У меня было очень красочное и одинокое детство
– Я рос в очень неподходящих условиях. Родился я в буржуазной семье, мой отец выбрал себе профессию бизнесмена, в худшем смысле этого слова. Он даже несколько раз побывал в тюрьме. Мне это чем-то напоминает новых русских. Как заметил Грэм Грин, "источник вдохновения писателя – его детство". У меня было очень красочное и одинокое детство. Мы с братом никогда не жили подолгу на одном месте и чувствовали себя маленькими ссыльными. Моя мать оставила семью, когда мне было пять лет. Я долгое время думал, что она умерла, и встретился с ней снова, только когда мне было уже 25. Когда я подрос, решил стать художником. Я занялся иллюстрацией книг, но однажды, когда мне было года 24, понял, что никогда не добьюсь успеха в роли художника, зарабатывающего на жизнь живописью. У меня не было таланта. Были амбиции и желание, но не было способностей. Поэтому постепенно я обратился к литературе. В юности я писал стихи, но они были ужасны, я уничтожил все, что смог отыскать.

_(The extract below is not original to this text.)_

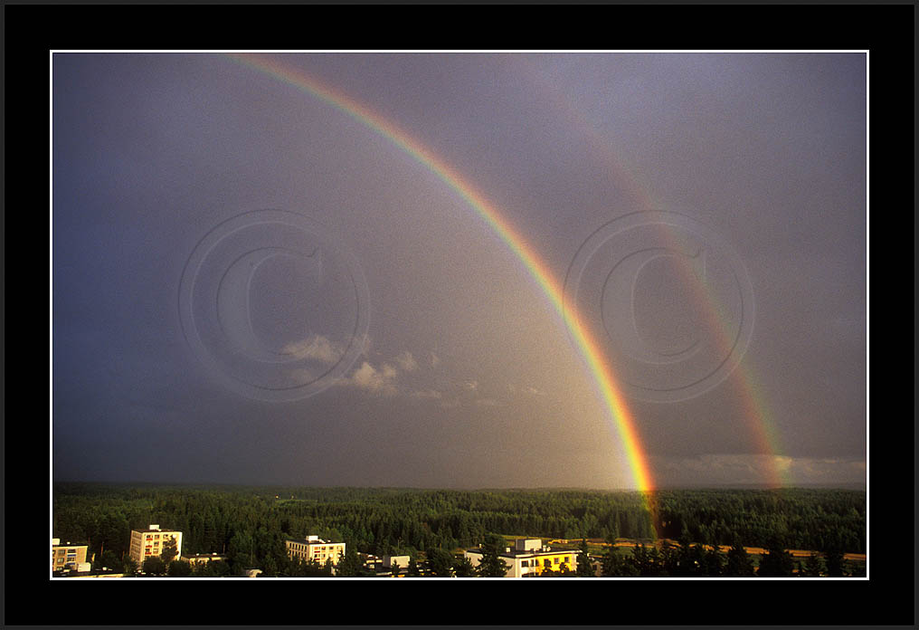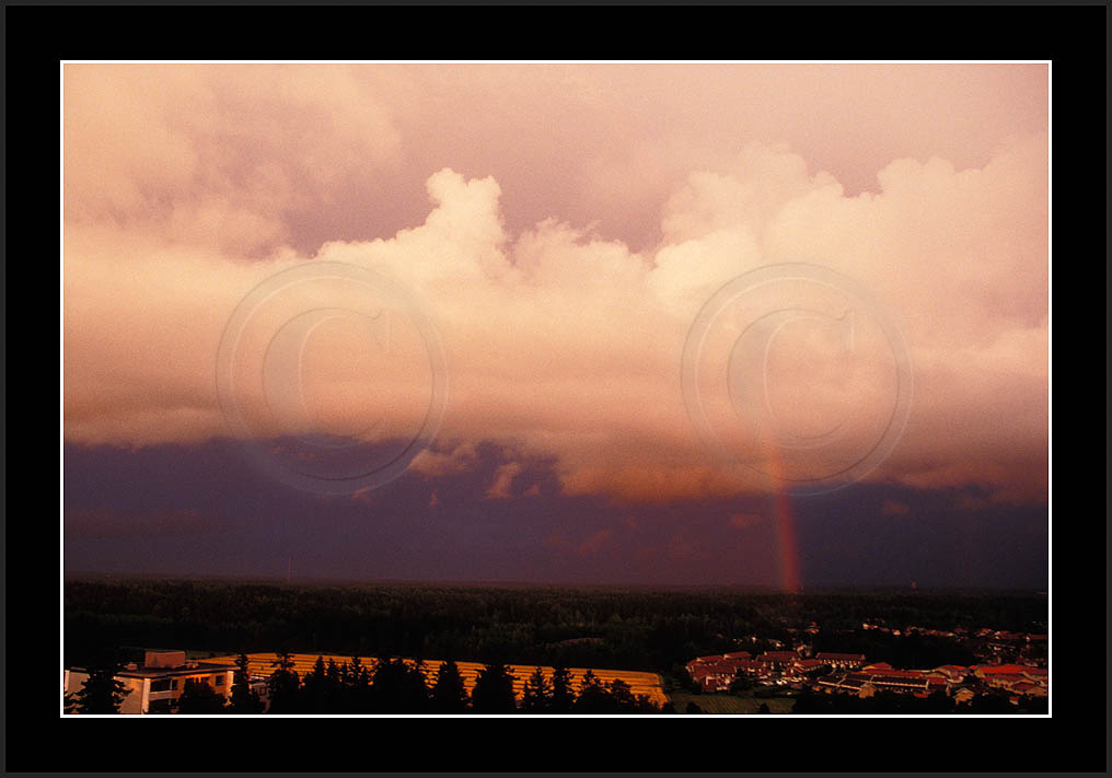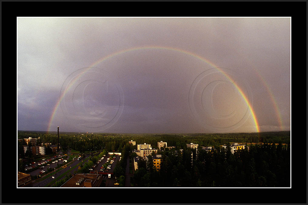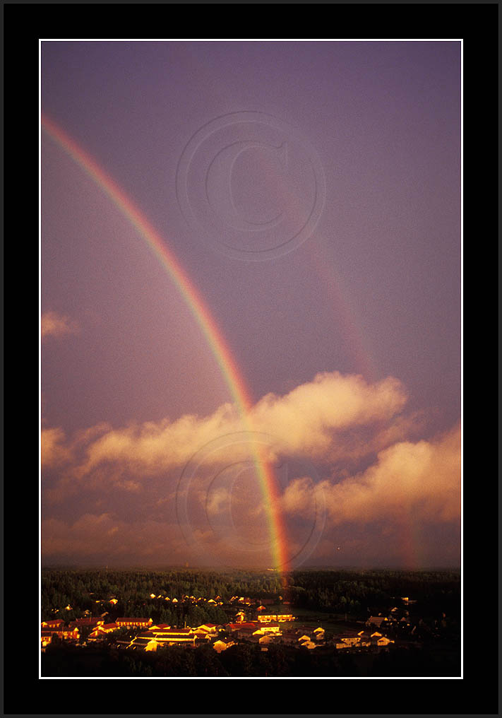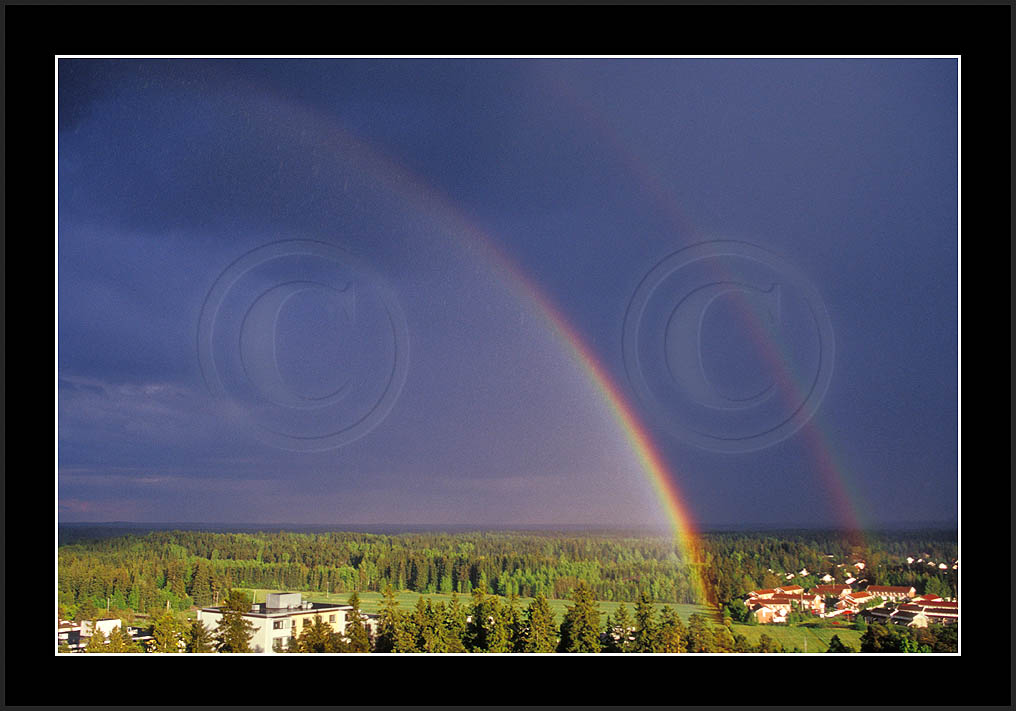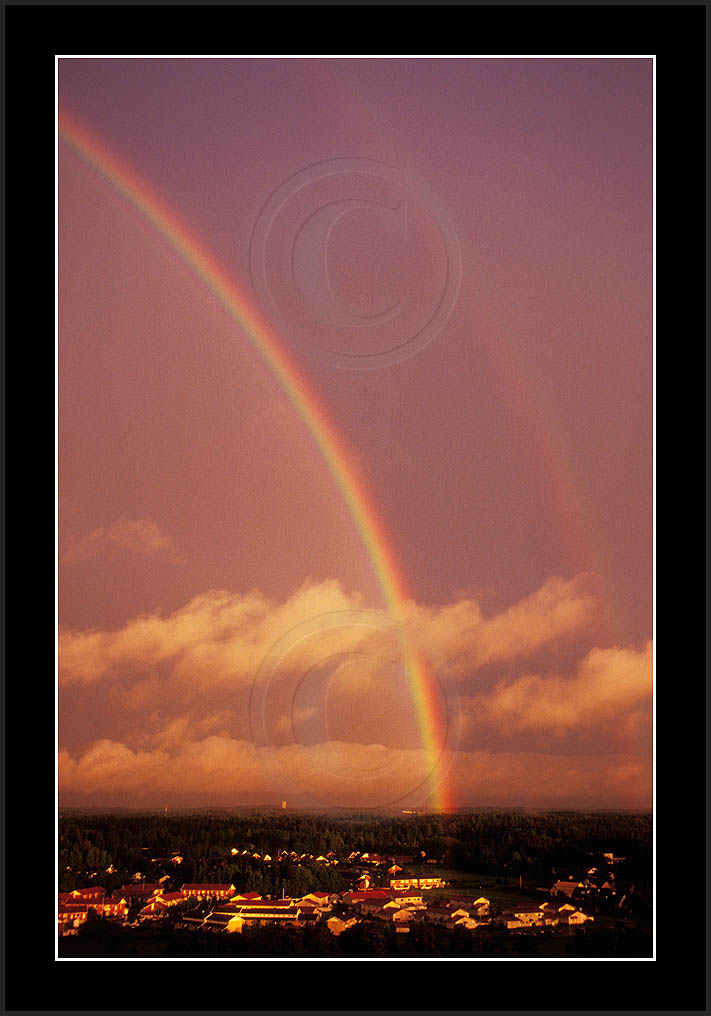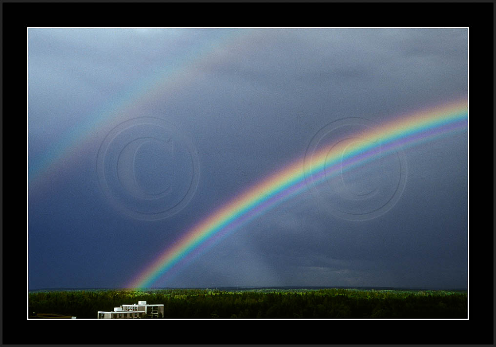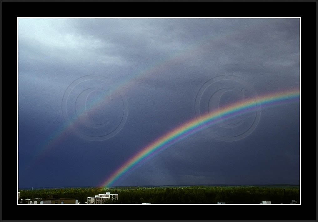 Image sk01711 is photographed in moonlight. It is my ever first sighting of this phenomenon (Sep 2001). Upper right corner has turqoise colour due to aurora. The last two rows show good samples of supernumerary bows.

– Почему вы пишете под псевдонимом?
– Когда я начинал писать, я был на государственной службе. Хотя не было никаких препятствий со стороны начальства – я уже опубликовал к тому времени три первых романа, – оно потребовало, чтобы я взял псевдоним. Даже если бы я писал книги о бабочках, это ничего бы не изменило. По правилам министерства иностранных дел – независимо от того, был ли у вас доступ к секретной информации или вы были простым клерком, – вам не разрешалось писать под собственным именем, даже если вы писали в газету.
– А почему именно Ле Карре?
– Трудно сказать... Я столько раз изобретал очередную ложь по этому поводу, что просто не знаю, какой верить. Мой английский издатель Виктор Голанц попросил меня, когда я только начинал публиковаться, выбрать псевдоним, состоящий из двух хорошо звучащих англосаксонских слов. Я должен был как-то отреагировать на эту смехотворную идею. "Вы хотите, чтобы я назвал себя чем-то вроде Чанк Смит?" – подумал я — и выбрал имя, совершенно этому не соответствующее, да еще и воспринимающееся как французское. Имя это, как мне кажется, визуально легко запоминается. Так оно и прилипло.
– Важен ли для вас, как писателя, опыт работы в английской разведке?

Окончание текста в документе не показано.